Temeswar/Veszprem/Eleusis. Temeswar, Veszprem und Eleusis sind die Kulturhauptstädte Europas 2023. Alle drei verknüpfen große Zukunftshoffnungen mit der Auszeichnung.
Drei bisher noch weitgehend unentdeckte Perlen wollen im Kulturhauptstadtjahr 2023 ihren Glanz zeigen: das westrumänische Temeswar, Ausgangspunkt der Revolution 1989, die den Diktator Nicolae Ceausescu zu Fall brachte, das schmucke Veszprem nahe des ungarischen Plattensees und die in der Antike für ihre Mysterien berühmte griechische Stadt Eleusis.
In Temeswar, einem alten Industriemagneten mit 300.000 Einwohnern am Dreiländereck Rumänien-Ungarn-Serbien, wollen die Programmmacher vor allem die traditionelle Diversität zum Leuchten bringen. Neben Rumänen leben in der Stadt mit Flair wie in der Donaumonarchie Deutsche, Ungarn, Serben, Roma, Tschechen, Slowaken und Bulgaren. So gut wie jedes Temeswarer Kind sprach vor dem Zweiten Weltkrieg mindestens drei Sprachen, darunter auch Jiddisch. Dieses Idiom ist durch die Shoah fast verschwunden. Temeswar war die Wiege von Stars: „Tarzan“ Johnny Weissmüller (1904-1984) kam hier zur Welt, und zwei Nobelpreisträger machten in der Stadt Abitur: die Schriftstellerin Herta Müller sowie der Chemiker und Biophysiker Stefan Hell.

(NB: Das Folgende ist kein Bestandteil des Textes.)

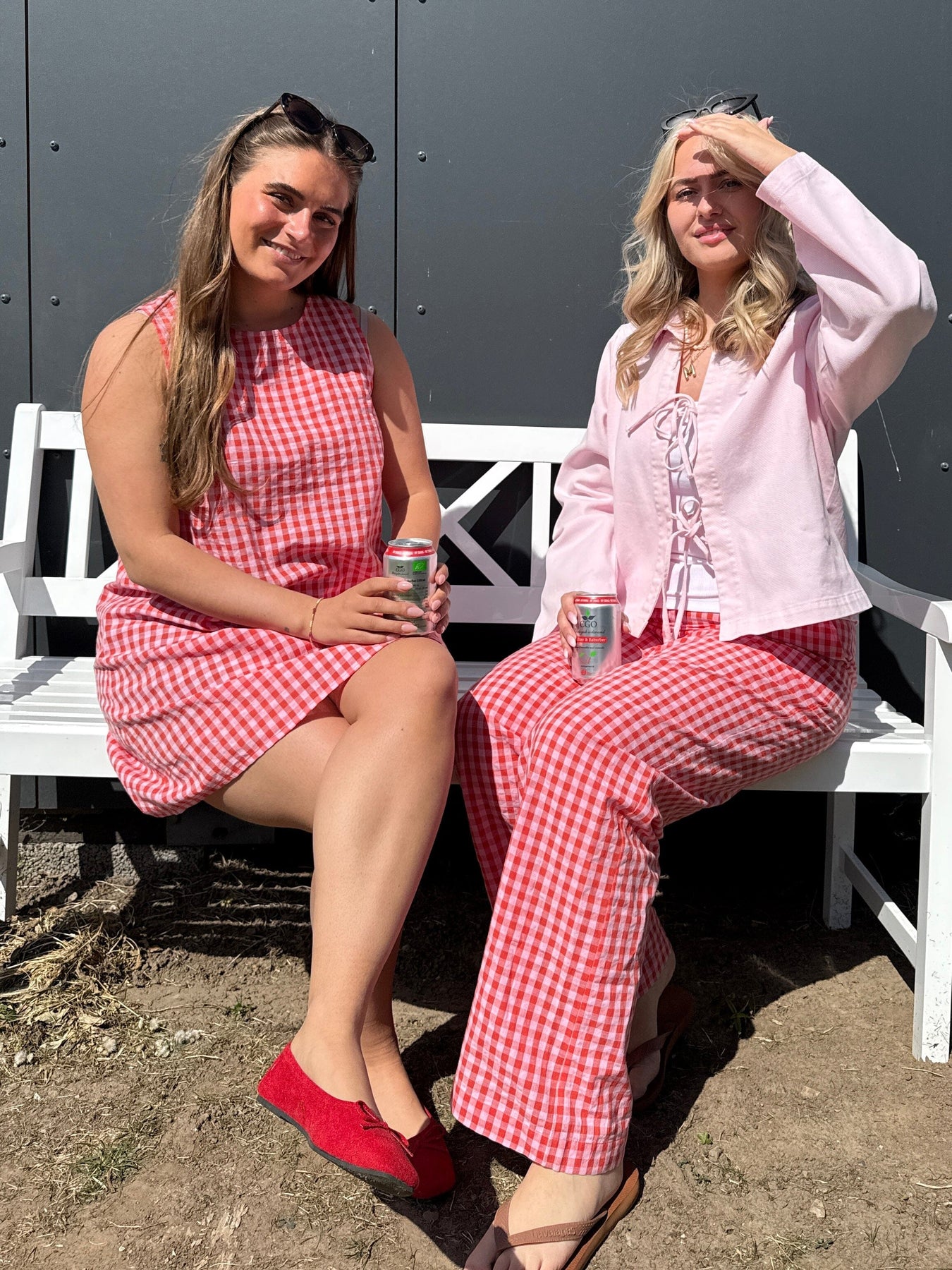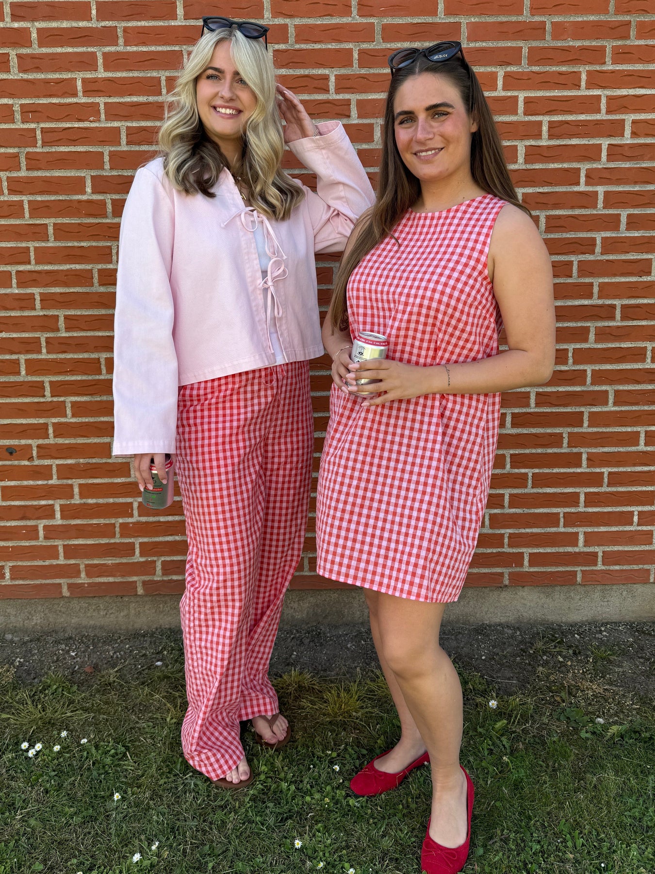 Korte jurk van Pieces in rood en wit met geruit gingham-patroon. De mouwloze jurk heeft een ronde halslijn en een rechte pasvorm.

Diversität und Mehrsprachigkeit
Ein Farbtupfer ist auch der seit 2020 in Temeswar als Bürgermeister amtierende Dominic Fritz – geboren im Schwarzwald, Politikwissenschaftler, früher aktiv bei Bündnis 90/Die Grünen, Ex-Redenschreiber von Alt-Bundespräsident Horst Köhler. Der heute 38-Jährige hat sich nach eigenen Worten schlichtweg „in diese Stadt verliebt“, während seiner Arbeit 2003 als Freiwilliger in einem Temeswarer Kinderheim. „Temeswar ist deutlich europäischer als das Dorf, in dem ich aufgewachsen bin, weil es sehr viel besser mit Diversität, Mehrsprachigkeit und dem Nebeneinander von Ideen umgehen kann“, schwärmt Fritz im Gespräch mit Journalisten.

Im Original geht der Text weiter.